Палату ему определили на третьем этаже, в конце коридора, окнами на внутренний двор, где зимой не видно ничего, кроме сугробов — рыхлых, серых, присыпанных городской пылью, — и чёрных стволов рябины, которую посадили лет десять назад по программе озеленения, о которой написали в газете, повесили табличку на дерево и с тех пор забыли: ни полить, ни подрезать, ни даже снять табличку, которая выцвела до полной нечитаемости. Рябина, впрочем, выжила — сибирская порода, ей не привыкать, она здесь не для красоты, а для выносливости, как всё в Новосибирске: дома, люди, деревья. Я иногда смотрела на неё из ординаторской — стоит, чёрная, голая, с гроздьями мёрзлых ягод, которые не склевали птицы, и держится, и не жалуется, и не просит, чтобы её полили, — и думала, что между мной и этим деревом есть кое-что общее. Нас обеих забыли полить. И мы обе решили, что справимся сами.
Утренний обход я начинала всегда с четвёртого этажа и спускалась вниз — это не медицинский протокол, не приказ главного врача и не параграф из учебника; это мой личный порядок, который я установила в первый год заведования и с тех пор не меняла, потому что менять порядок — это признать, что старый не работал, а он работал, работал безупречно, и я держалась за него, как пациент держится за кнопку вызова: не потому что нужна медсестра, а потому что кнопка — это контроль, а контроль — это жизнь.
На четвёртом лежат послеоперационные — те, кому вскрыли грудную клетку, добрались до сердца, починили, зашили и оставили выздоравливать с ощущением, что внутри них побывал кто-то чужой. Им нужно внимание с утра, пока не проснулись страхи, а страхи у послеоперационных просыпаются раньше, чем они сами, и сидят на краю кровати, и ждут, и смотрят, и первое, что видит пациент, открыв глаза, — не потолок палаты, не лампу дневного света, а свой собственный страх, который за ночь вырос и окреп.
Но в пятницу, на второй день его госпитализации, поймала себя на том, что иду сразу на третий.

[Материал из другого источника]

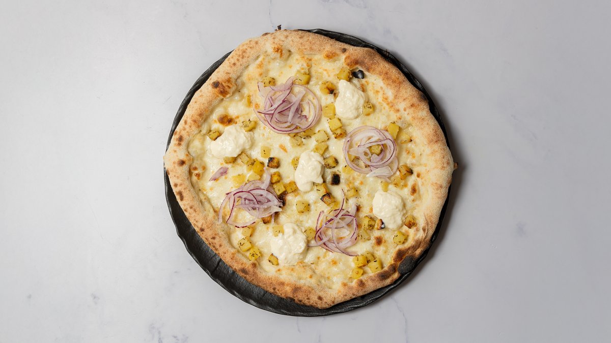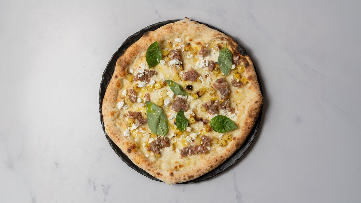 Mascarpone cream, mozzarella, kartofler med rosmarin, salsiccia, gedeost og frisk basilikum.
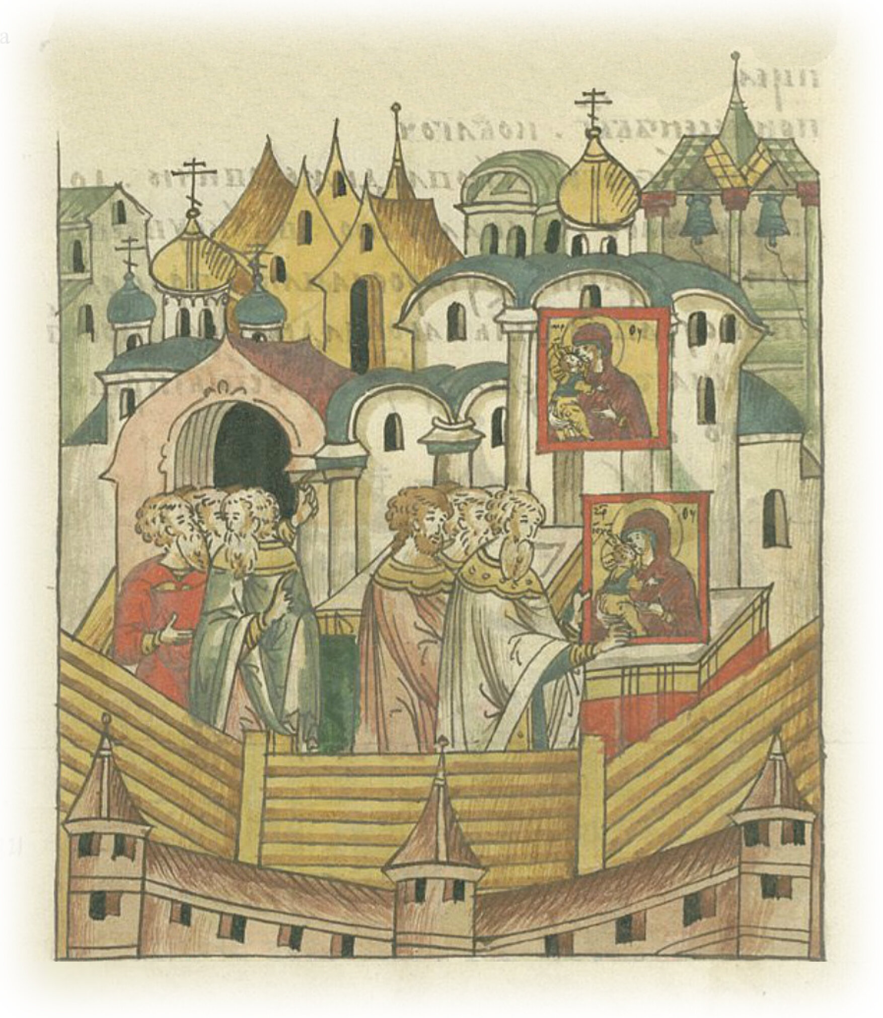 И потом поставлен был чудотворный тот образ Владычицы Богородицы по повелению этого благочестивого великого князя Георгия Владимировича в Вышгороде в церкви пречистой Богородицы, в Девичьем монастыре. Чудо о том, как клирики видели в воздухе икону Богородицы. В монастыре том, в церкви пречистой Богородицы, где был поставлен чудотворный образ Богоматери, случилось так, что однажды, когда клирики как обычно входили в церковь, увидели, что святая икона Богородичная сошла со своего места и встала посреди церкви, в воздухе. Тогда они дерзнули поставить ее на другое место.

Остановилась на лестничной площадке между третьим и четвёртым — бетонная, с перилами, крашенными в цвет, который когда-то был зелёным и назывался, наверное, «весенняя листва» или «молодая трава», а теперь стал цветом усталости: тусклый, облезлый, с пятнами ржавчины на стыках. Постояла, держа папку с картами — двенадцать карт, двенадцать пациентов, двенадцать сердец, каждое из которых нуждалось во мне больше, чем я нуждалась в себе, — и слушала, как этажом выше звенит каталка и кто-то из медсестёр вполголоса объясняет новенькой, Кате, где хранятся одноразовые шприцы и почему нельзя оставлять использованные иглы на подносе, а нужно сразу в контейнер, потому что Светлана Игоревна за это снимает голову, а голова у Кати одна, и новую не выдадут.
Разжала пальцы, которые сжимали папку так, будто та собиралась сбежать из моих рук, броситься по лестнице вниз и укатиться в приёмное отделение. Выдохнула — длинно, контролируемо, как учат на курсах по управлению стрессом, которые я не посещала, но о которых читала, потому что читать — безопаснее, чем ходить: на курсах нужно разговаривать с людьми, а в книге люди молчат. Пошла на четвёртый. По порядку. Как всегда. Потому что порядок — это единственное, что отличает врача от пациента. Мы оба понимаем, что всё может пойти не так, но врач делает вид, что контролирует процесс, а пациент делает вид, что верит, и на этом двустороннем притворстве держится вся медицина, от Гиппократа до меня.
На четвёртом — Федотов, шестьдесят три, аортокоронарное шунтирование неделю назад. Крупный мужчина, бывший прораб, руки — как лопаты, голос — как бетономешалка: низкий, с хрипотцой, с той уверенностью, которая бывает у людей, привыкших командовать на стройке и не привыкших, что кто-то может командовать ими. Швы заживают, динамика положительная, но Федотов каждое утро смотрит на меня глазами пятилетнего мальчика, который потерялся в супермаркете и ищет маму.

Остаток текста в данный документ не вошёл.